__Assignment__.
This task asks for the lines from the one with "中国仓储指数为50.2%,较上月回升3.7个百分点。" to the final line below, repeated exactly, with pictures omitted.

__Record extracts__.
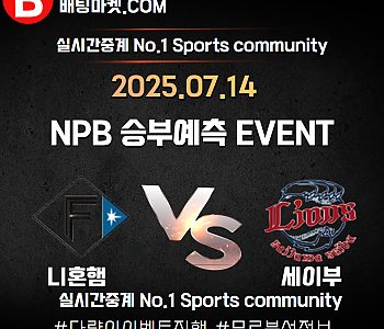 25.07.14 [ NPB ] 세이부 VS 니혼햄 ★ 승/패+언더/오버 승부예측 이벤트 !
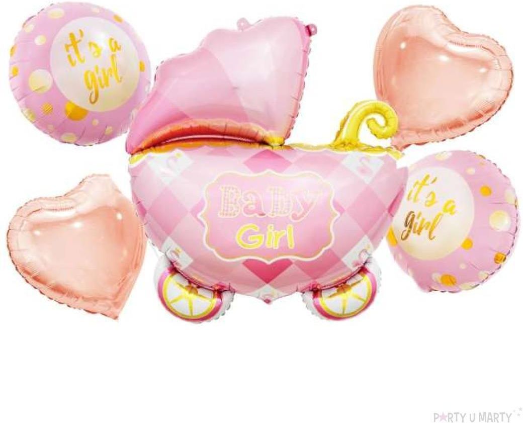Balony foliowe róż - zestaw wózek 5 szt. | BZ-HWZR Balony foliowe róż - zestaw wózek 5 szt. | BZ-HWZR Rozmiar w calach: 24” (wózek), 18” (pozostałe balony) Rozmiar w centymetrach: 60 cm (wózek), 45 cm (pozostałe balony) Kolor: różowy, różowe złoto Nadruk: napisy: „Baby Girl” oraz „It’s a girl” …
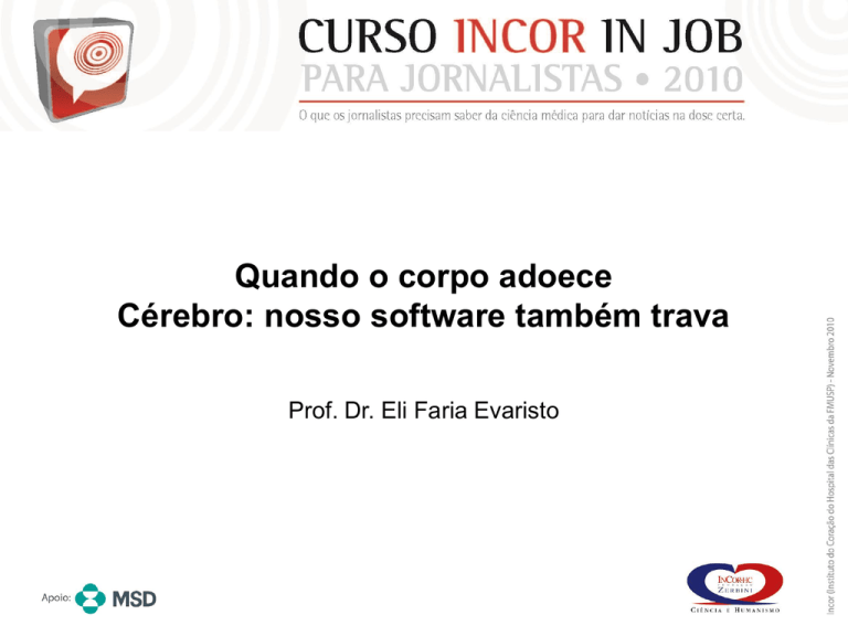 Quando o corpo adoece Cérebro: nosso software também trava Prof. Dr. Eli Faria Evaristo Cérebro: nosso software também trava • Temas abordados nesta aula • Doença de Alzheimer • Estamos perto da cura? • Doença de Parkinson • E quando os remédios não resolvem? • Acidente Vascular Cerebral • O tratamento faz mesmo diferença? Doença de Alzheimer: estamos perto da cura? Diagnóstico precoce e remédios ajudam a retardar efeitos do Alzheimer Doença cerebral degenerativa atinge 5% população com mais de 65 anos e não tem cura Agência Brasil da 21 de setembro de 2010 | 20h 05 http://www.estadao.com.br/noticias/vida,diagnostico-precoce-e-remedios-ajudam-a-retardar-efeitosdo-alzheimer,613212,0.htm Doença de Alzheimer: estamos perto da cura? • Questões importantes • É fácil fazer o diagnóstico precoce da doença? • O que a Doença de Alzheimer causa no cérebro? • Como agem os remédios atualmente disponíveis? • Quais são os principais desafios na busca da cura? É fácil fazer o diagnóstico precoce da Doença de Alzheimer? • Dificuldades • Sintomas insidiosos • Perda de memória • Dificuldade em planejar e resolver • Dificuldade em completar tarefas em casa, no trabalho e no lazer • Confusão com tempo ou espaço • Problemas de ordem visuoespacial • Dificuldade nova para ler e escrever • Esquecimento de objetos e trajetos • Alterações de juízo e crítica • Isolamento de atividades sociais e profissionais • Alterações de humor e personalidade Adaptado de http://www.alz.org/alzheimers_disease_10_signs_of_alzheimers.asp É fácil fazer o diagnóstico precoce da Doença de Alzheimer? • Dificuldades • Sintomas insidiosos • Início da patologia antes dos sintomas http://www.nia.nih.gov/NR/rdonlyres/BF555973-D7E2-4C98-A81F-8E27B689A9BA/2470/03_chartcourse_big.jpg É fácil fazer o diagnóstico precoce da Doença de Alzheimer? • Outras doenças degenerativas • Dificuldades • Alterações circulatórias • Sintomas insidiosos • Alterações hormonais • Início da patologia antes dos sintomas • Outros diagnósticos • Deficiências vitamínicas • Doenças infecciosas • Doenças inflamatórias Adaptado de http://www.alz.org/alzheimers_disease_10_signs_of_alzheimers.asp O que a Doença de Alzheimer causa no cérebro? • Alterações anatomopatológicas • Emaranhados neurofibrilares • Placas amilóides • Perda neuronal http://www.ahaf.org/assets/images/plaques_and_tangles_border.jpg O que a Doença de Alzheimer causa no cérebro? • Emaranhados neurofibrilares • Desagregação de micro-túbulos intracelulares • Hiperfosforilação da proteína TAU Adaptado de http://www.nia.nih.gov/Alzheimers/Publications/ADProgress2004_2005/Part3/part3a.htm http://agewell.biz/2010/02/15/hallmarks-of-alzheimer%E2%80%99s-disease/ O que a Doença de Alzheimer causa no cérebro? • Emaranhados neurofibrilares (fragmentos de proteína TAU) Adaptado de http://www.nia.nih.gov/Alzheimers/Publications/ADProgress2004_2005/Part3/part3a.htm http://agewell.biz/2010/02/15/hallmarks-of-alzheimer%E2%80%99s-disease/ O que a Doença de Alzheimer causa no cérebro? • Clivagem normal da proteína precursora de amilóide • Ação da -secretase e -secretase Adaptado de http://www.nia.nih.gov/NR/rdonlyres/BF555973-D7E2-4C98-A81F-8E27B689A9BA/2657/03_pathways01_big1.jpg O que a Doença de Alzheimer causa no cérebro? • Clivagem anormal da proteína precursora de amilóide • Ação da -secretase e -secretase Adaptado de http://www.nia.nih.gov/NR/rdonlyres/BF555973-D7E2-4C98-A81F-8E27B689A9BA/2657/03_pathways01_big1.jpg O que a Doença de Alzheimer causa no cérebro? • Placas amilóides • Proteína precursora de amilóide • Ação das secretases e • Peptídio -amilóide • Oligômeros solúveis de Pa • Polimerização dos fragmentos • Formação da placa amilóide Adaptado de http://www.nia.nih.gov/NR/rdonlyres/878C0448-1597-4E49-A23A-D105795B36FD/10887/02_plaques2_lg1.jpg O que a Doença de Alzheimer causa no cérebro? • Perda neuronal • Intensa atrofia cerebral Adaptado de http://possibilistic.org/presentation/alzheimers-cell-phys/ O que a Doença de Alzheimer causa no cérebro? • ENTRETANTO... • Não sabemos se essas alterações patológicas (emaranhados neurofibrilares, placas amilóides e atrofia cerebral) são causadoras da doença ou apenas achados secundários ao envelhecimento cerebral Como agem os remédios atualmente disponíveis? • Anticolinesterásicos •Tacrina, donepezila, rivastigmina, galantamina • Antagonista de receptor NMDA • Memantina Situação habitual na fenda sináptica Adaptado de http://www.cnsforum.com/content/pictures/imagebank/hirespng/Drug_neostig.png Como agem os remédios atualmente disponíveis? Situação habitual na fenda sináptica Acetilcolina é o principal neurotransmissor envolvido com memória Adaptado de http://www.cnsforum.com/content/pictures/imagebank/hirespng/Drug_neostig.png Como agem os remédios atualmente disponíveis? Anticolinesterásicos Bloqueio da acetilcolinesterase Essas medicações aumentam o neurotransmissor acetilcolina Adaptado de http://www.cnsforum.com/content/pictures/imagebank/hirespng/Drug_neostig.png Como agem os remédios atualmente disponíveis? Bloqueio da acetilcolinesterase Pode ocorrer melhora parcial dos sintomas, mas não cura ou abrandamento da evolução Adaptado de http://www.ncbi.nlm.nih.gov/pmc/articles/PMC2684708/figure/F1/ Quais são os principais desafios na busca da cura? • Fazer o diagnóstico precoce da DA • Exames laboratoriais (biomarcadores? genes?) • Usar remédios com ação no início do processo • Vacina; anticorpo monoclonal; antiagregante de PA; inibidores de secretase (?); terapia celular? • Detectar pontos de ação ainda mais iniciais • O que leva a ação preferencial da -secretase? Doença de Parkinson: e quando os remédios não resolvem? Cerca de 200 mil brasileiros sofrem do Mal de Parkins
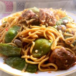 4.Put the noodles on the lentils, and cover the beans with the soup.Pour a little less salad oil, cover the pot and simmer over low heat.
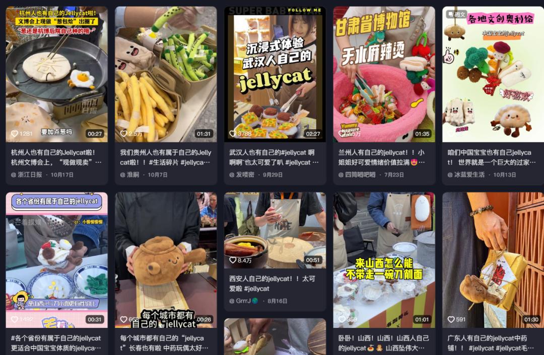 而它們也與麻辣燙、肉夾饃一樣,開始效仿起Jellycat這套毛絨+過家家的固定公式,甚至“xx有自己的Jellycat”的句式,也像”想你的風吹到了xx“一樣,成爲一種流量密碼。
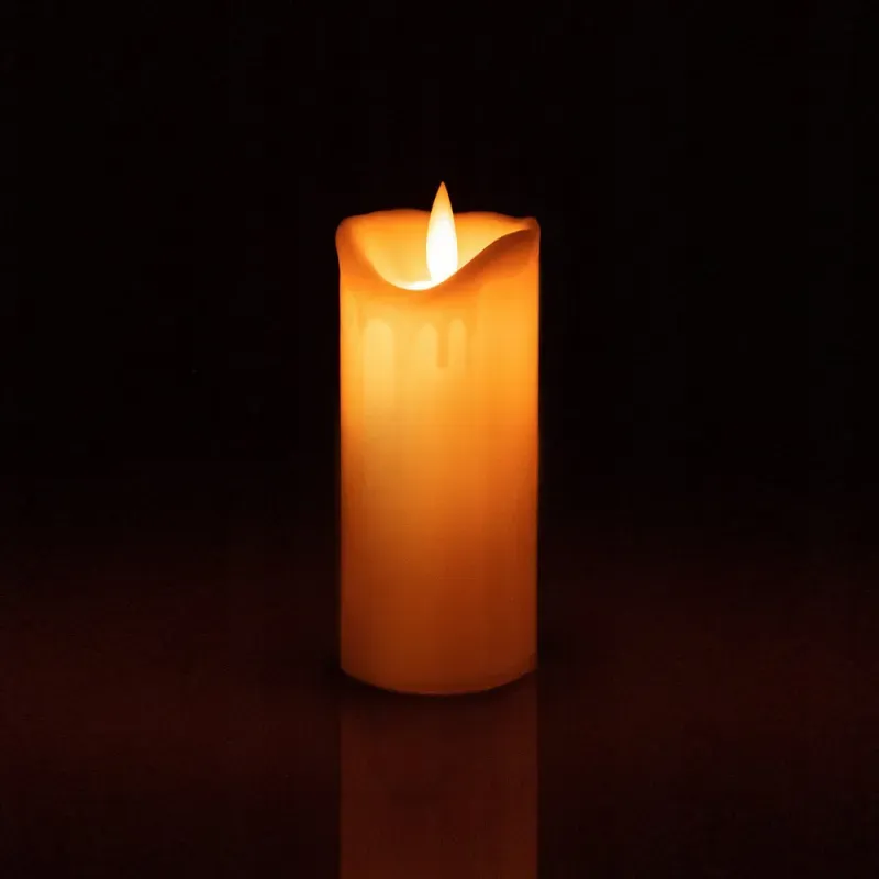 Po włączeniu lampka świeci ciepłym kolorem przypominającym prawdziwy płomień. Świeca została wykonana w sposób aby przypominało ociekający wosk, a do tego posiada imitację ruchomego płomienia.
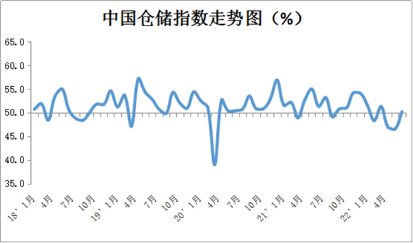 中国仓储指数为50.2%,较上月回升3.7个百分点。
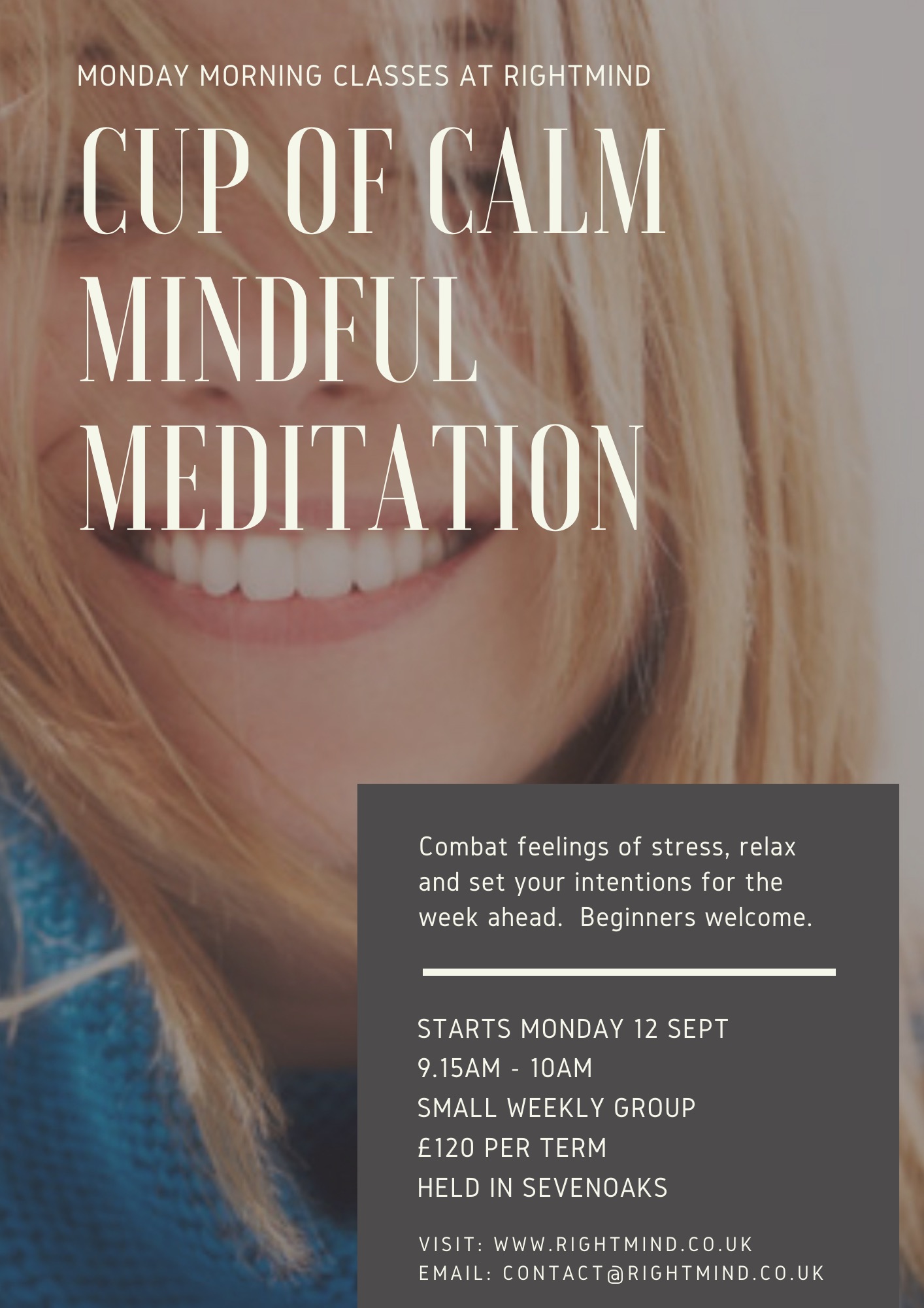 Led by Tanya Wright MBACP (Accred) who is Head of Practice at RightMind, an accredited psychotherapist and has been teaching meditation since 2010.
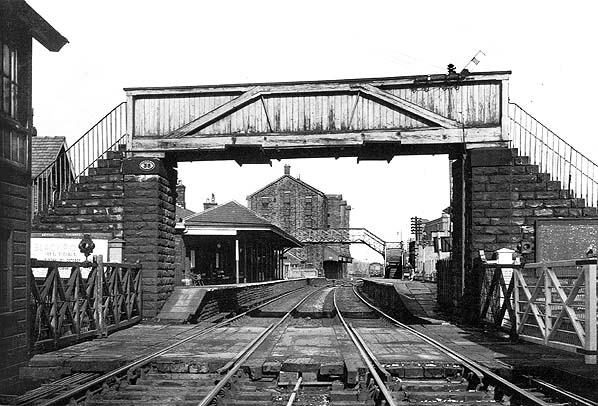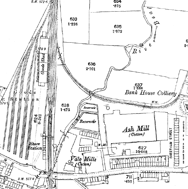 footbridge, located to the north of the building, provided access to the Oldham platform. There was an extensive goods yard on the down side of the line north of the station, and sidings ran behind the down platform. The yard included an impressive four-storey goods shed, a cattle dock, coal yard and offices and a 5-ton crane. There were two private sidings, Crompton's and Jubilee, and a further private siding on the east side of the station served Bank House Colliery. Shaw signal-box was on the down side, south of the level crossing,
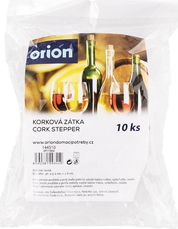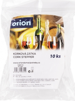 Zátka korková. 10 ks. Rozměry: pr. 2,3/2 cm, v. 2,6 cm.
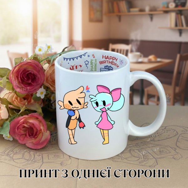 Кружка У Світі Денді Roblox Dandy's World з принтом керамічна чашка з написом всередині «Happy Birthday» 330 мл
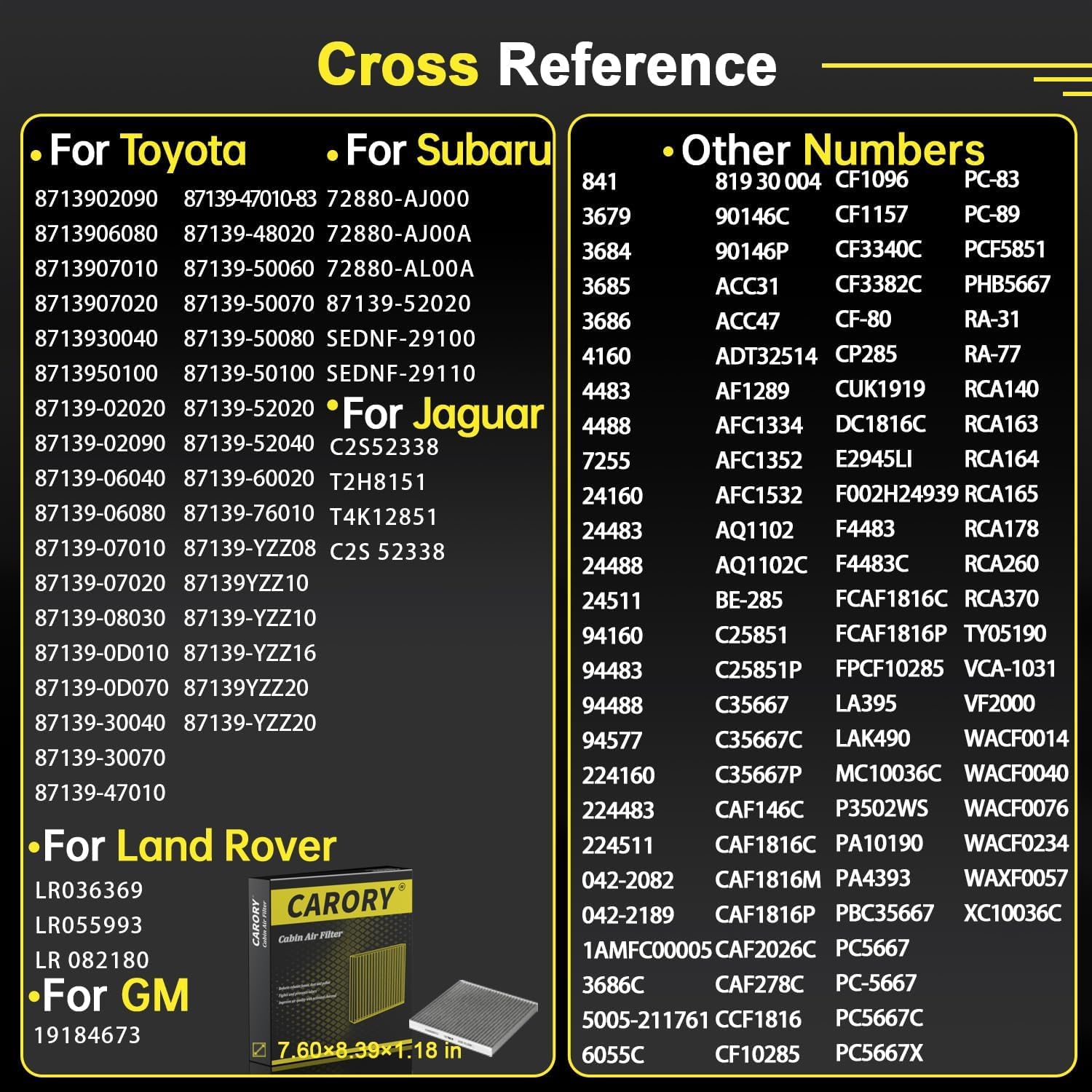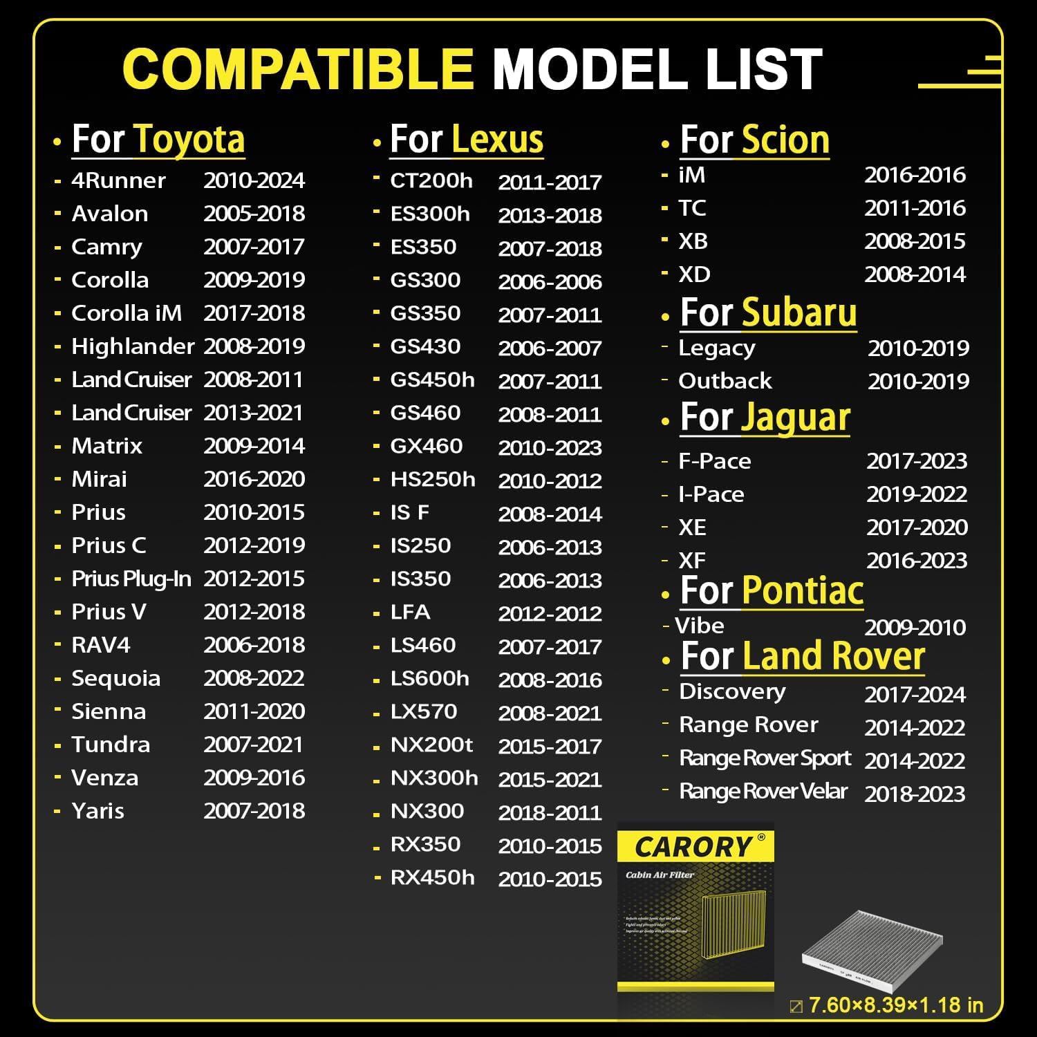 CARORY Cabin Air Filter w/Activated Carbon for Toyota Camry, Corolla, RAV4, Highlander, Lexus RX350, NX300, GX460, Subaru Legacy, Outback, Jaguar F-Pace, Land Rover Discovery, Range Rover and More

__Task result__.
 中国仓储指数为50.2%,较上月回升3.7个百分点。
 Led by Tanya Wright MBACP (Accred) who is Head of Practice at RightMind, an accredited psychotherapist and has been teaching meditation since 2010.
 footbridge, located to the north of the building, provided access to the Oldham platform. There was an extensive goods yard on the down side of the line north of the station, and sidings ran behind the down platform. The yard included an impressive four-storey goods shed, a cattle dock, coal yard and offices and a 5-ton crane. There were two private sidings, Crompton's and Jubilee, and a further private siding on the east side of the station served Bank House Colliery. Shaw signal-box was on the down side, south of the level crossing,
 Zátka korková. 10 ks. Rozměry: pr. 2,3/2 cm, v. 2,6 cm.
 Кружка У Світі Денді Roblox Dandy's World з принтом керамічна чашка з написом всередині «Happy Birthday» 330 мл
 CARORY Cabin Air Filter w/Activated Carbon for Toyota Camry, Corolla, RAV4, Highlander, Lexus RX350, NX300, GX460, Subaru Legacy, Outback, Jaguar F-Pace, Land Rover Discovery, Range Rover and More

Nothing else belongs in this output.